De todo aquello, lo que más apasionaba a Ih’ eran las estrellas, todas y cada una. Blancas y marrones. Azules, amarillas y rojas. En parejas, tantas y tantas en parejas. Con el paso del tiempo, llegó a sentir una ternura ambigua por lo que Ih’ llamaba los soles negros, los que se guardaban todo para ellos, hundidos hacia dentro, distorsionando tiempo y espacio, negros muy negros como agujeros sin fondo.

Gracias a los hornos inmensos de las estrellas, Ih’ entendió que, aunque el universo era una sonata de hidrógeno, precisamente por eso podían aparecer otros elementos, cosas diferentes para combinarse entre ellas y, en unos pocos casos, volverse muy complejas y pensarse a sí mismas y a su entorno y viajar y entenderse y matarse y hacer la paz y desaparecer para siempre sin huella, sólo como una lágrima rodando en las mejillas inexistentes de Ih’.

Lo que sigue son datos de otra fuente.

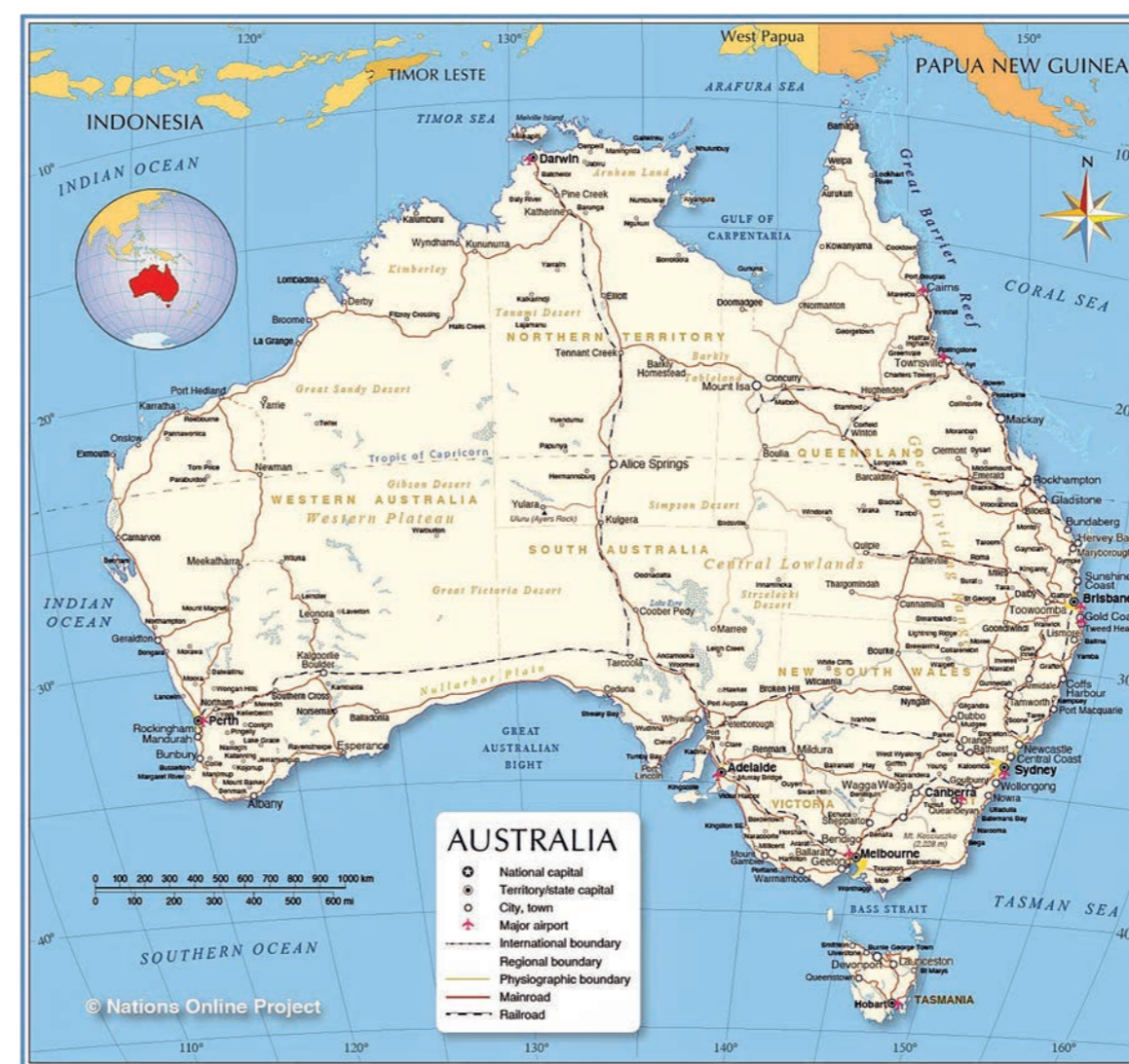
Map of Australia.

In Australia, English is the de facto national language. Australian English is a language with a distinctive accent and lexicon and differs slightly from other varieties of English in grammar and spelling. English is the only language spoken in the home about 72.7 per cent of the population. Other com-

Amaba con intensidad aquella complejidad que a veces se volvía rabiosa contra sí misma. Se decía que le gustaba por contradicción, puesto que Ih’ se sentía simple y elemental en su soledad. Sin verdadera tristeza, porque nunca había conocido otra cosa. Al fin y al cabo, ni siquiera había conocido la nada. ¿Hubo alguien en la nada tal como Ih’ estaba ahora que había algo? No, claro que no. En la nada no hubo nada. Pero por si acaso, sólo por si acaso, Ih’ rastreó cada palmo del universo como si tuviese mano y tacto para acariciarlo.

Se asomó al horizonte de sucesos de millones de agujeros negros. Por si acaso, se decía, aunque incontables estrellas nacieron y murieron y no hallaba nada. Se desplazó sin gastar tiempo ni espacio a la otra punta del universo por agujeros de gusano que parecían existir desde el mismo inicio de todo, como Ih’. Tal vez allí…, se decía, con la esperanza vana de dar con un rastro del alguien de la nada. En su búsqueda, se extrañó de los sonidos que las atmósferas permitían en la superficie de los planetas. Jugó con rocío de hidrocarburos en mundos que orbitaban soles como puntas de alfiler (había tantos y tan bellos…). Lo más cerca que estuvo del supuesto alguien de la nada (o así lo sintió), fue cuando abrazó una nebulosa tras otra, para sentir no más que el vacío quedándose entre sus manos, las que nunca tuvo.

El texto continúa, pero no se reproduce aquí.